In 1998, in Iraq, protests erupted during a funeral procession for children whose deaths were blamed on the stringent U.N. sanctions that had been in place for eight years. Sixty small white coffins were transported atop a convoy of Baghdad taxis. State officials said the total child death count caused by the sanctions was more than a million. The mourner’s chants were eerily similar to those now used by the Westboro group. “America is the enemy of God,” they shouted. “There will be a price to pay for the blood of our children.”

In South Africa in the mid-1980s, funeral protests became such a popular tool of expression against racial injustices that the Apartheid government banned them. The controversial law prohibited mass funerals—funerals for those who died from injustices brought about by the Apartheid system were regularly drawing as many as 50,000 mourners—and required rites to be held indoors to limit attendance. The display of flags, banners or posters and discussion of politics was forbidden and only ordained ministers were allowed to speak at services. Nobel Peace laureate Bishop Desmond Tutu was outraged.

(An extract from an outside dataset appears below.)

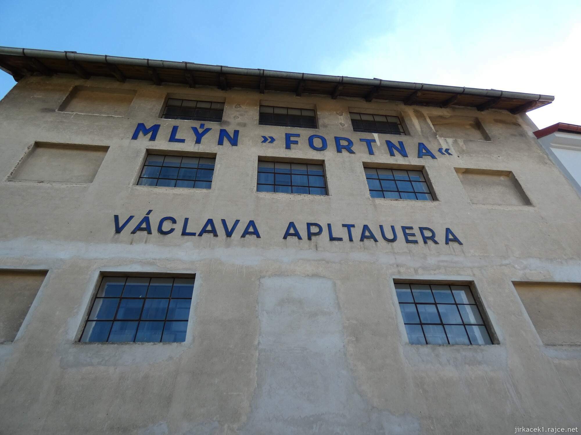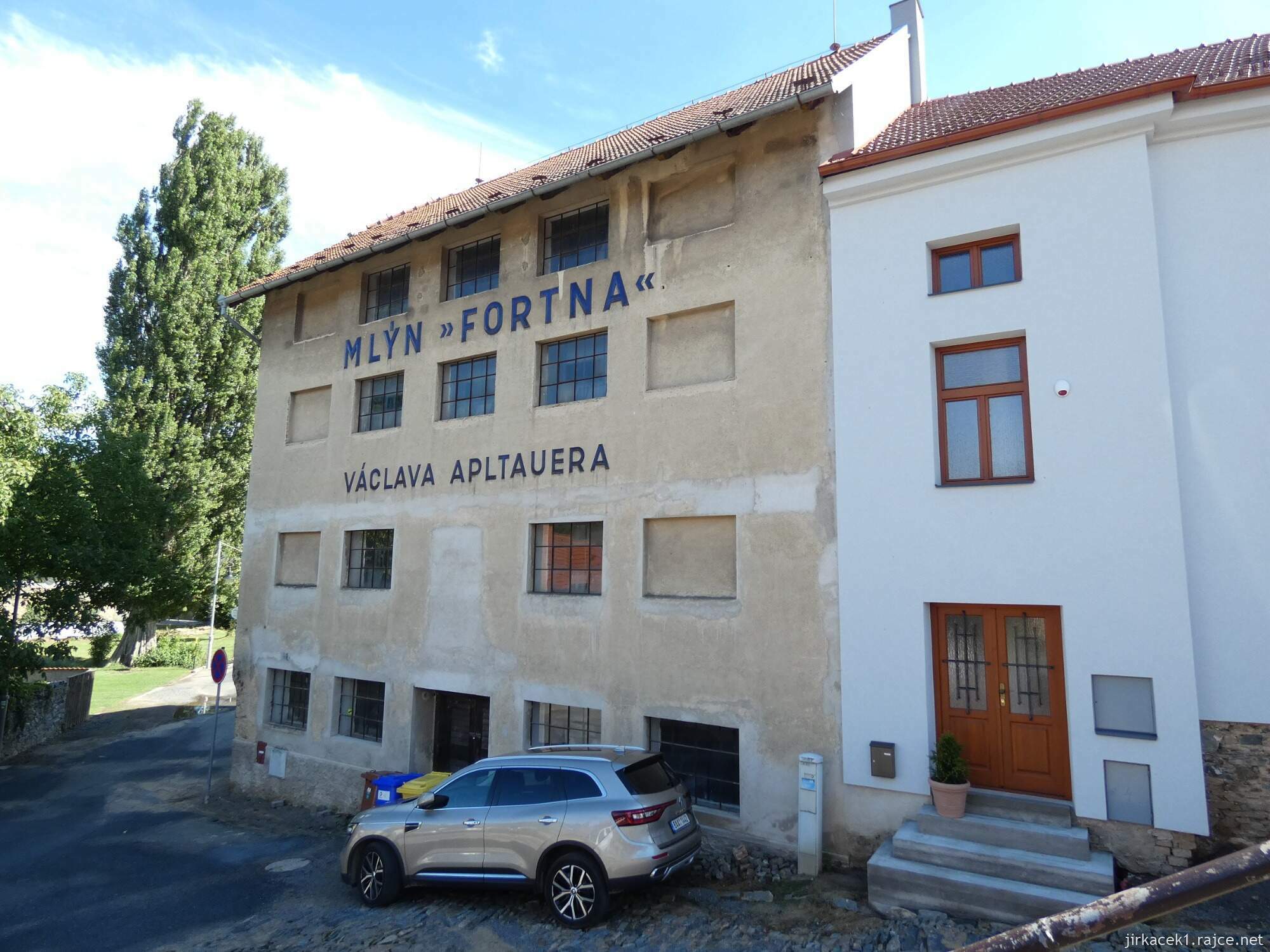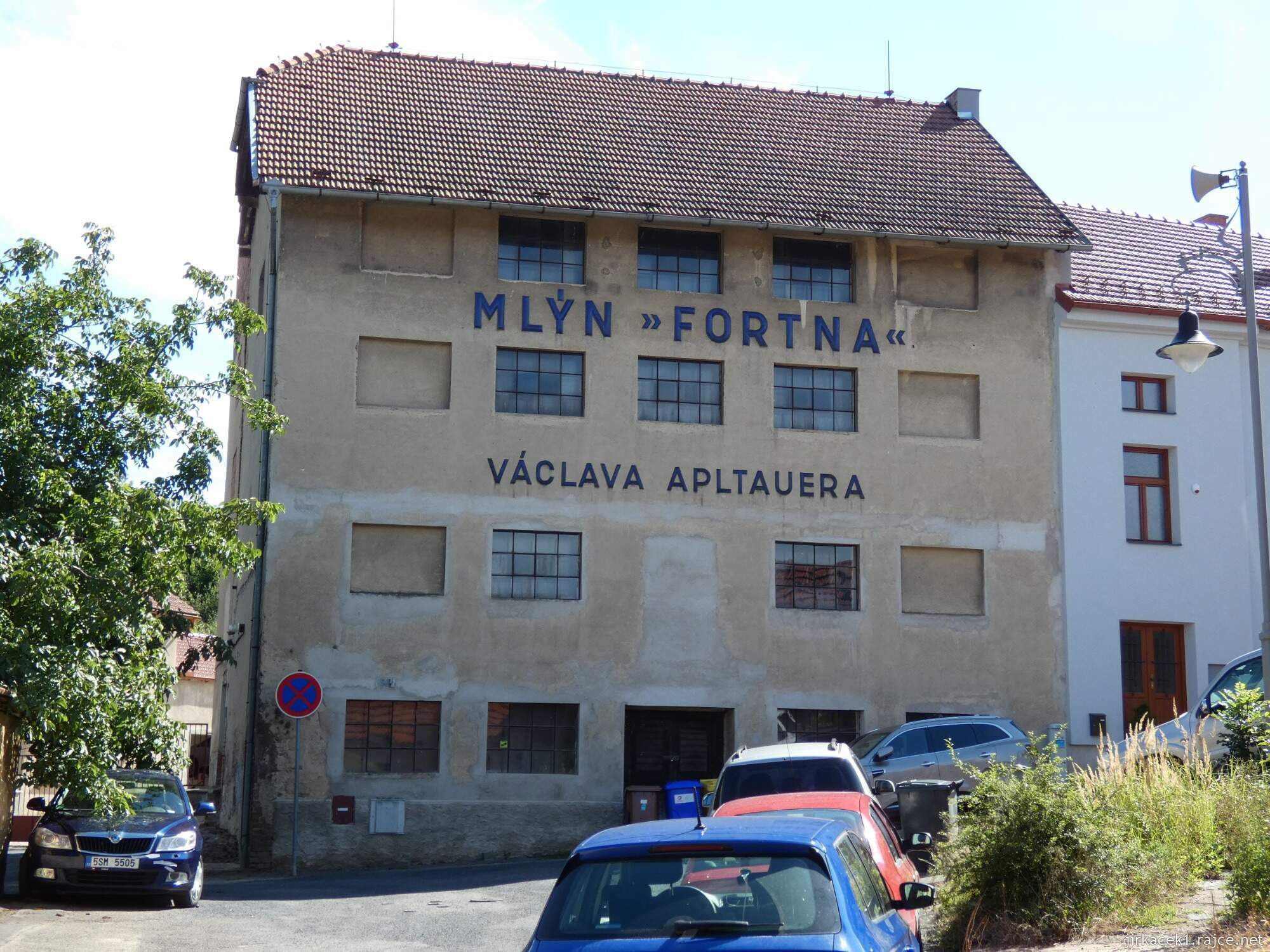 V prvním patře se nacházela loupačka, mlecí stolice, váha a pytlování. Ve druhém patře byla sila a někdy aspirační jednotka. Ve třetím patře stála čistička, vysévače, reforma a prachové filtry, nad ní podstřešní transmisní pohon a hnací zařízení zrnových výtahů. V roce 1930 byl majitelem mlýna Václav Apltauer, který se svými pomocníky obsluhoval vyjmenovanou technologii Fortenského mlýna, ale ani to nestačilo k tomu, aby fungoval až do 21. století. Mletí bylo ukončeno a tím skončila několikasetletá historie bývalého klášterního mlýna, což nás pochopitelně mrzelo, ale nedalo se nic dělat. Staré časy nám tak připomínal pouze nápis na budově, který zněl : Mlýn Fortna Václava Apltauera. Když jsme si vysokou mlýnskou budovu prohlédli ze všech možných stran, zamířili jsme k malému domečku v ulici Na schodech, která kopírovala Růžovou kolegyni.

“Don’t rub salt into our wounds,” he said in a speech at the time. “Don’t trample on us. Where else can we speak? We are not allowed into your Parliament. When we want to speak to the state president, he says he does not want to speak to us. And when we try to speak to our people at our funerals, you restrict us…Please do not try to find points of confrontation and make worse a situation that is already bad. If [you] try to promulgate laws that are unjust, I am going to break these laws.”